**Source data:**

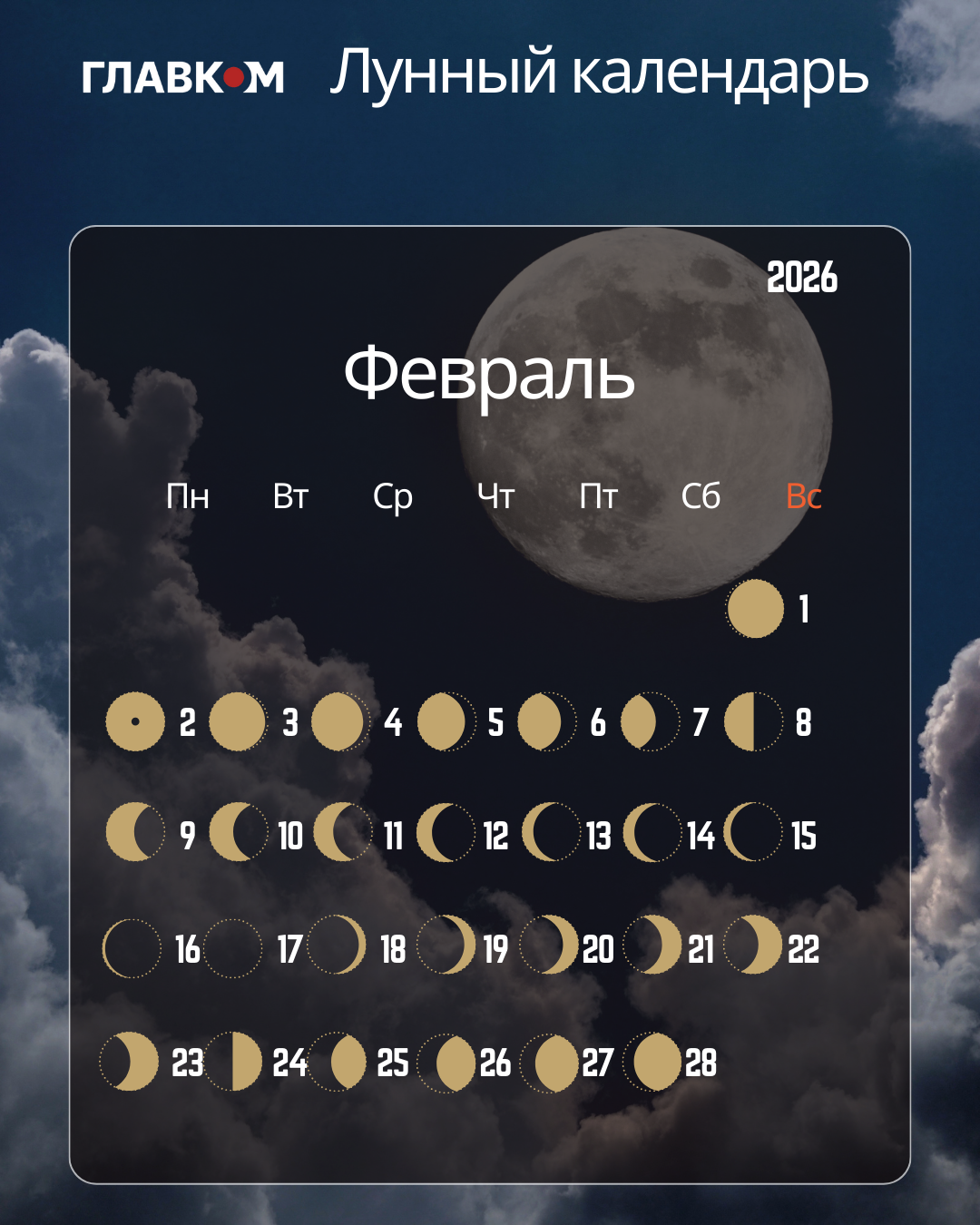 В феврале 2026 года лунный цикл будет иметь следующую структуру:
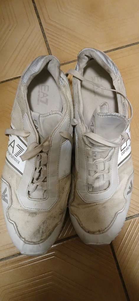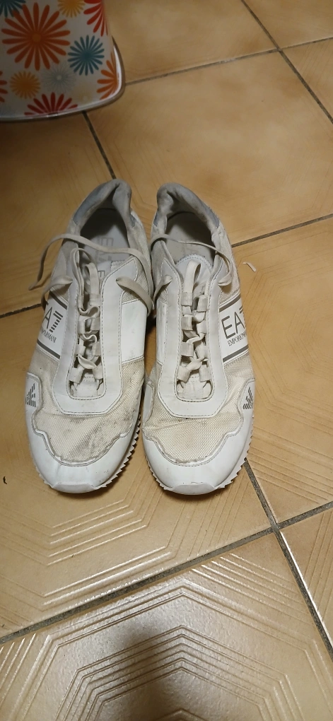 Pre-owned EA7 Emporio Armani sneakers. White colour. Size US 12. Some wear and tear is visible.
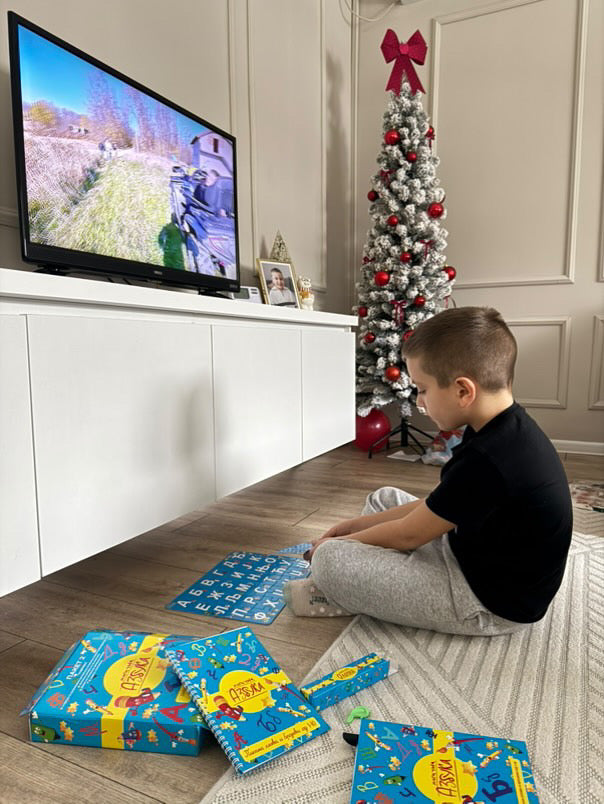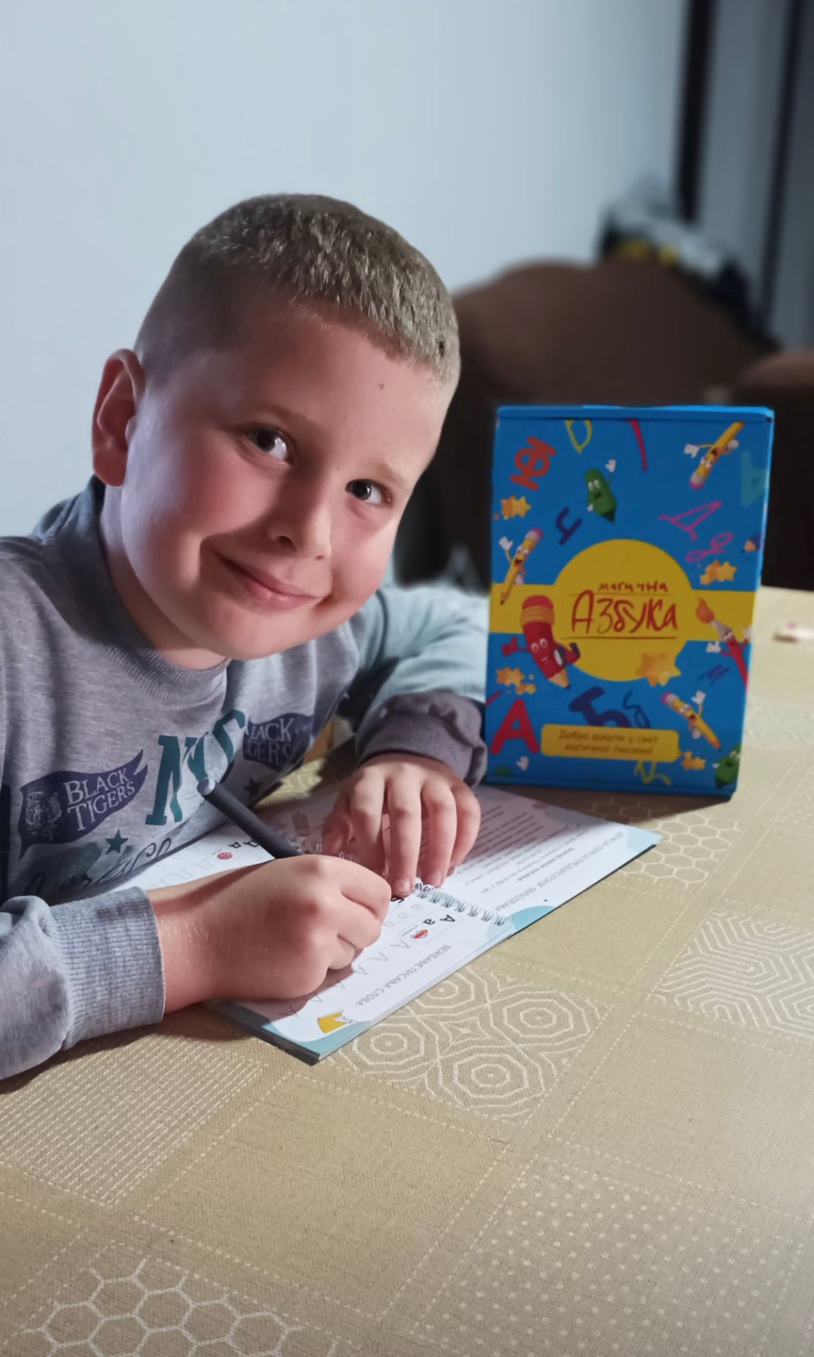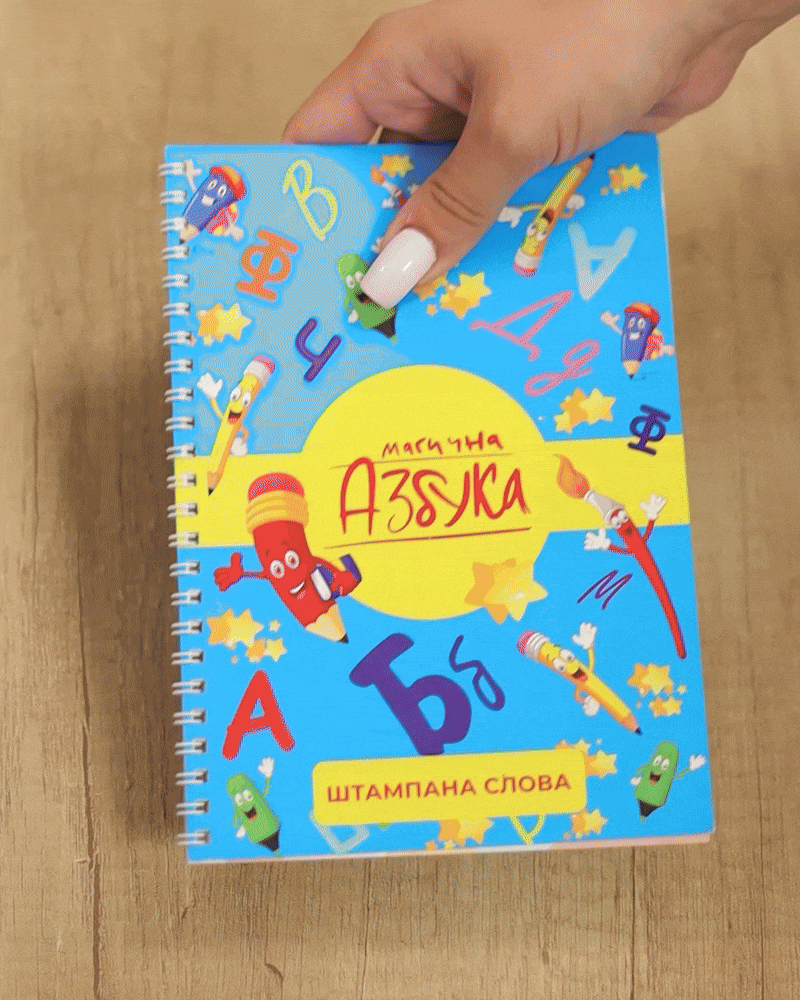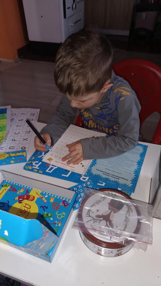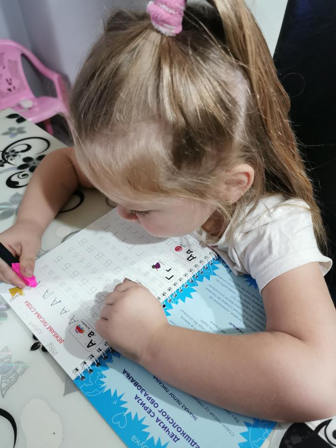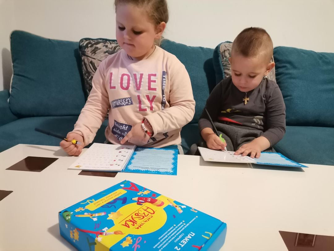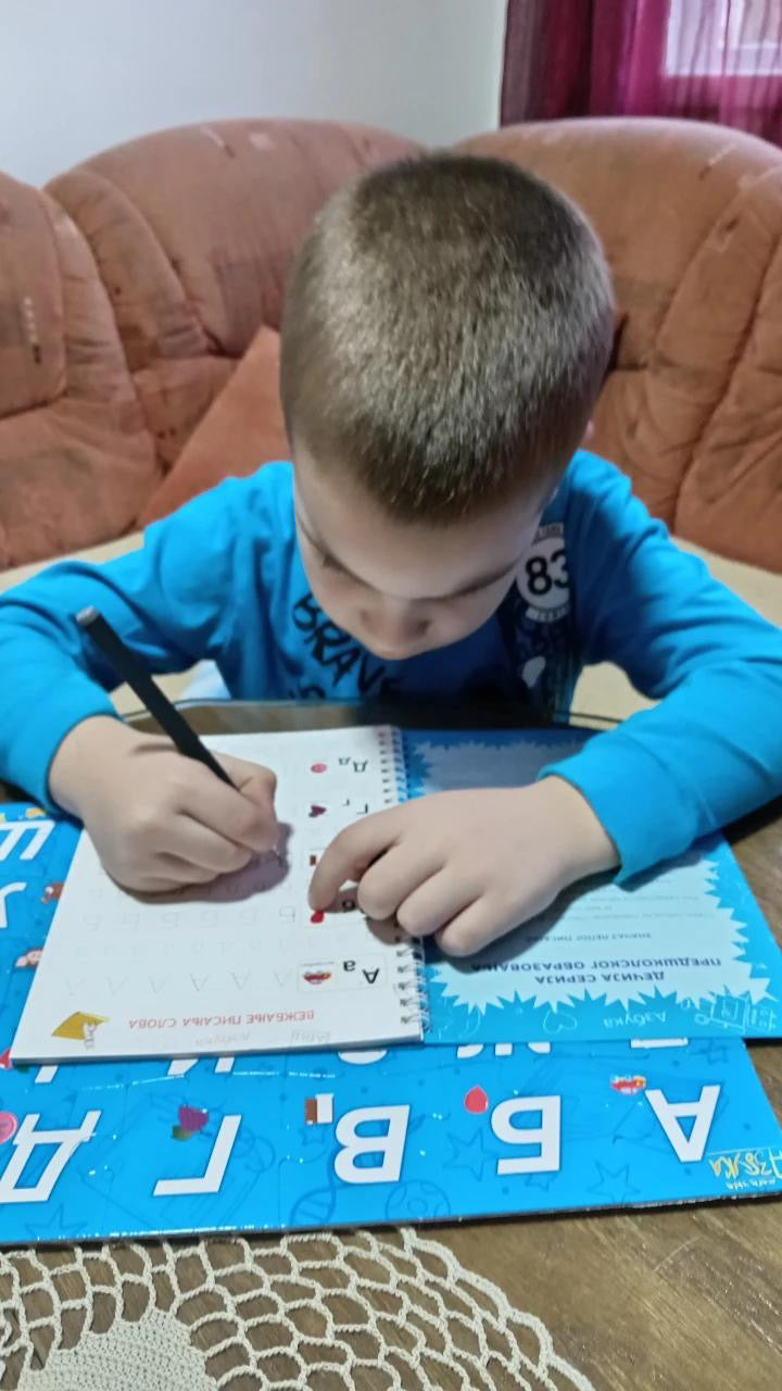 Jedna sveska sa štampanim i jedna sa pisanim slovima ćirilice, sa utisnutim šablonima da dete lakše prati linije i razvija mišićnu motoriku.

**Problem requirements:** A verbatim copy of the data, with all pictures omitted, is the required output.

**Written solution:**
 В феврале 2026 года лунный цикл будет иметь следующую структуру:
 Pre-owned EA7 Emporio Armani sneakers. White colour. Size US 12. Some wear and tear is visible.
 Jedna sveska sa štampanim i jedna sa pisanim slovima ćirilice, sa utisnutim šablonima da dete lakše prati linije i razvija mišićnu motoriku.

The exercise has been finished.